- Ну что с тобой? – обхватив ладонями лицо арфиста, Билл нежно коснулся его губ своими, - Сейчас ведь всё хорошо, мы вместе, мы любим… - продолжал он шептать, коротко целуя щёки и подбородок.
- И ты не уйдёшь?
- Куда? – изумился Билл – этого вопроса он почему-то не ожидал. То ли Дювернуа никогда раньше об этом не говорил, то ли… наоборот, когда-то он уже это слышал, но когда?
- Что-то не так, что-то неправильно. Разве бывает такое на самом деле? Почему это произошло? Меня уже не должно было быть, и это было бы правильно, потому что… а есть ли смысл в этом всём?
- Что ты говоришь, Тома? Сейчас же перестань!
Гийом резко притянул арфиста к себе и, обнявшись, они опустились на общее ложе, которое сами соорудили, сдвинув два топчана, и отгородив это место занавеской. Не размыкая объятий, Гийом принялся нежно сцеловывать солёные капли, которые покатились из невидящих глаз возлюбленного, подавляя внутри непонятное ощущение того, что где-то, когда-то, это с ним уже происходило. Сердце словно тисками сдавило, и Гийом бы сам расплакался, если бы ни те слова Тома, едва различимые сквозь дрожь в его голосе.
- Есть вещи, Гийом, которые понятны и очевидны. Есть вещи, которые не могут измениться просто потому, что так не бывает, и есть те, которые неизбежны. Всё, что когда-либо начинается, в итоге обретает свой конец.
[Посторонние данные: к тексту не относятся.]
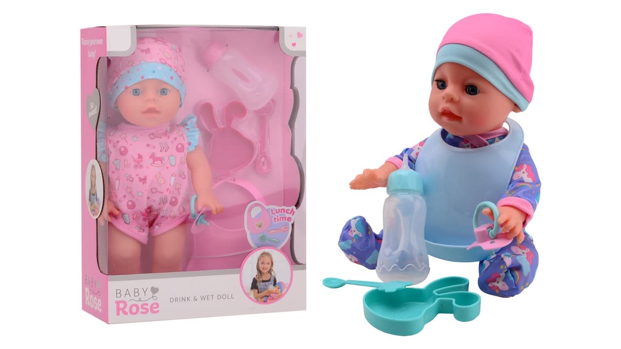 JohnToy Baby Rose drink- en plaspop - 30 cm

И ужас этого конца зависит от того, что происходило с самого начала.
Каждое слово давалось Тому с трудом, и даже при тусклом свете огарка свечи Билл мог увидеть, сколько усилий тот прилагает, чтобы сдерживаться. Отчего-то, сейчас Беранже был уверен, что арфист ненавидит свои слёзы. Его лицо вовсе не выглядело жалобным, а наоборот, казалось, будто внутри него бушует злость, и говорит он не о любви, а о чистейшей ненависти. Прерывать его было страшно, и Билл не пытался этого сделать, хотя холодные пальцы уже до боли сжимали его ладонь, которую он даже не пытался вырвать из них.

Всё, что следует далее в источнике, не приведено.